Two hours later, tucked into the scrub room, Ricky and Bào were incredibly high. They’d shut off the main lights so the undercabinet lighting suffused the room with a soft blue glow. The room was cozy and windowless – the real world felt far away. It was so quiet that Bào started dozing against a scrub sink before Ricky nudged him with her boot.
“I told you the second set of pills was a mistake,” said Ricky, sucking down a urine cup full of lemon gelatin and vodka left over from the club.
“And if by mistake you mean a very good idea then I’m in complete agreement,” said Bào, grinning back at her and feeling incredibly wonderful.
The door to the scrub room opened. Light and sound streamed inside. Both Ricky and Bào cringed. A Reason officer poked his head into the room. “I’m looking for Kevin Chen. I heard he came in here,” said the officer, looking down at them propped against the large sinks. Behind him, the medbay was filled with shouting people and screaming alarms. It almost looked like the bar, except the lights were on full blast and way more people were covered in blood.
“Sometimes I’m Kevin Chen,” said Bào, giggling. “And sometimes I’m not.”
“Uh,” said the officer.
“This is Chen. He’s having some pain management therapy under the supervision of a trained medical professional right now. What do you want with him?” asked Ricky.
“He’s needed on the bridge immediately,” said the officer.
Bào tried to get to standing. He stopped halfway up, resting on his knees. His joints had stuck in that position. He hoped that Ricky would think it was from the excess of meds. She got to her feet, then put her hands under his arms and lifted.
“You’re lighter than you look,” she said, holding him for a moment as his knees crackled to life. They shuffled out through the medbay, arm in arm. Bào hoped i
t looked chummy and not like his legs were about to give out. Then again, no one was paying attention to them. Crew members moaned on gurneys and slouched in chairs because they’d run out of room.
“Did we do this?” Bào asked Ricky.
“I hope not,” she replied.
The shift doctor waved Ricky over. He stood over a patient moaning on the surgery table, a piece of metal the size of a cricket bat sticking out of his abdomen. Something terrible had happened while they’d been locked in the scrub room.
“Doctor Tang, jump in on one of the critical ones,” said the shift doctor, trying to determine how to remove the metal from the man without killing him.
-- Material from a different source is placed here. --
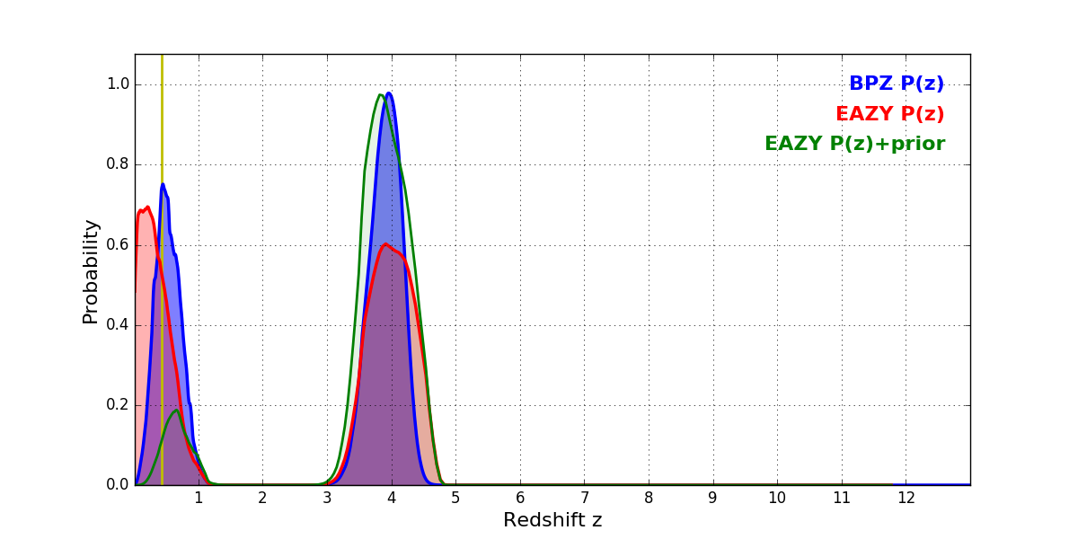 In P(z) plots: Yellow lines mark the cluster redshift z = 0.425,

Ricky looked around at the pools of blood and parts of people that were barely attached to their owners.
“I’m going to head to the bridge and see if they need help,” said Ricky, backing away from the carnage. “Happy to help out my buddy Kevin.”
“No – that’s not where we need–” began the shift doctor. The patient in front of him began to shake violently, spraying a fine mist of red blood over his scrubs. While he was distracted, Ricky pushed Bào toward the door.
“Not my area of expertise,” she muttered.
In the elevator the officer eyed them both warily from across the car.
“You’re not supposed to be intoxicated or impaired while on duty,” he said.
“He said duty,” bubbled Ricky, barely holding it together.
Bào tried to keep a straight face, but nothing about him was straight. “I perform my duty every day with honor,” he said, raising his arm in the Reason salute.
Ricky nearly fell down laughing; she stayed bent over for six floors before leaning on Bào to pull herself upright again. The officer was not amused.
“This is no time for jokes,” he admonished. “We’re under attack.”
“I don’t believe he likes us,” said Ricky in a whisper that echoed throughout the elevator car.